3. On petitioners assertion that the testimony of respondents witnesses are hearsay and, therefore, inadmissible in evidence,
we are constrained to hold a different view. A reading of the testimonies of Umacob and Mariano shows that they were not
presented to prove the truth of respondents accusations against petitioner, but only to establish the fact that respondent
narrated to them what transpired between her and petitioner. While it is true that the testimony of a witness regarding a
statement made by another person, if intended to establish the truth of the facts asserted in the statement, is clearly hearsay
evidence, it is otherwise if the purpose of placing the statement in the record is merely to establish the fact that the statement
was made. Regardless of the truth or falsity of a statement, when the fact that it has been made is relevant, the hearsay rule
does not apply and the statement may be shown. As a matter of fact, evidence as to the making of the statement is not
secondary but primary, for the statement itself may constitute a fact in issue, or be circumstantially relevant as to the existence
of such a fact.

Significantly, respondent herself and her witnesses were present during the hearing of the case. Hence, petitioner was given
the opportunity to cross-examine them. The real basis for the exclusion of hearsay evidence lies in the fact that a hearsay
testimony is not subject to the tests which can ordinarily be applied for the ascertainment of the truth of testimony, since the
declarant is not present and available for cross-examination.
4. Petitioner cannot find solace in the dismissal of the criminal case against him. Long-ingrained in our jurisprudence is the rule
that the dismissal of a criminal case against an accused who is a respondent in an administrative case on the ground of
insufficiency of evidence does not foreclose the administrative proceeding against him or give him a clean bill of health in all
respects. In dismissing the case, the court is simply saying that the prosecution was unable to prove the guilt of the respondent
beyond reasonable doubt, a condition sine qua non for conviction because of the presumption of innocence which the
Constitution guarantees an accused. However, in administrative proceedings, the quantum of proof required is only substantial
evidence. Substantial evidence means such relevant evidence as a reasonable mind might accept as adequate to support a
conclusion. After a more incisive scrutiny of the records, we are convinced that petitioners culpability has been proven by
substantial evidence. Respondent’s testimony was found by the Commission to be natural, straightforward, spontaneous and
convincing. Unlike petitioner’s testimony, that of respondent is replete with details consistent with human nature. Clearly, the
dismissal of the criminal case against petitioner by the Municipal Trial Court, Branch 5, Davao City cannot bind this Court in the
disposition of the instant administrative case.
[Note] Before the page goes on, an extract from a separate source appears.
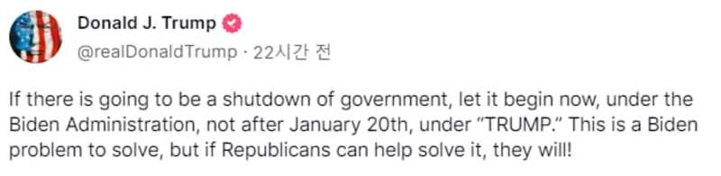 미국 의회에서 셧다운 직전까지 예산이 통과되지 않는 상황은 종종 있었지만, 이번에는 트럼프 당선인과 일론 머스크 테슬라 최고경영자(CEO)가 양당의 합의 내용을 뒤집어야 한다고 요구하면서 상황이 복잡해졌다. 트럼프 당선인은 트루스소셜에 "셧다운을 해야 한다면 내년 1월20일 취임식 이후가 아니라 바이든 정부에서 해야 한다"면서 "터무니없는(ridiculous) 부채한도를 폐지하든지 2029년까지 연장해야 한다"고 주장했다.

In sum, we find no reason to reverse the decision of the Court of Appeals. While it is unfortunate that petitioner will lose his job
because of a moments indiscretion, this Court shall not flinch in imposing upon him the severe penalty of dismissal. As Schools
Division Superintendent, petitioner is bound by a high standard of work ethics. By succumbing to his moral perversity, he failed
to live up to such standard. Indeed, he provided a justifiable ground for his dismissal from the service.

WHEREFORE, the appealed decision of the Court of Appeals is hereby AFFIRMED. No cost.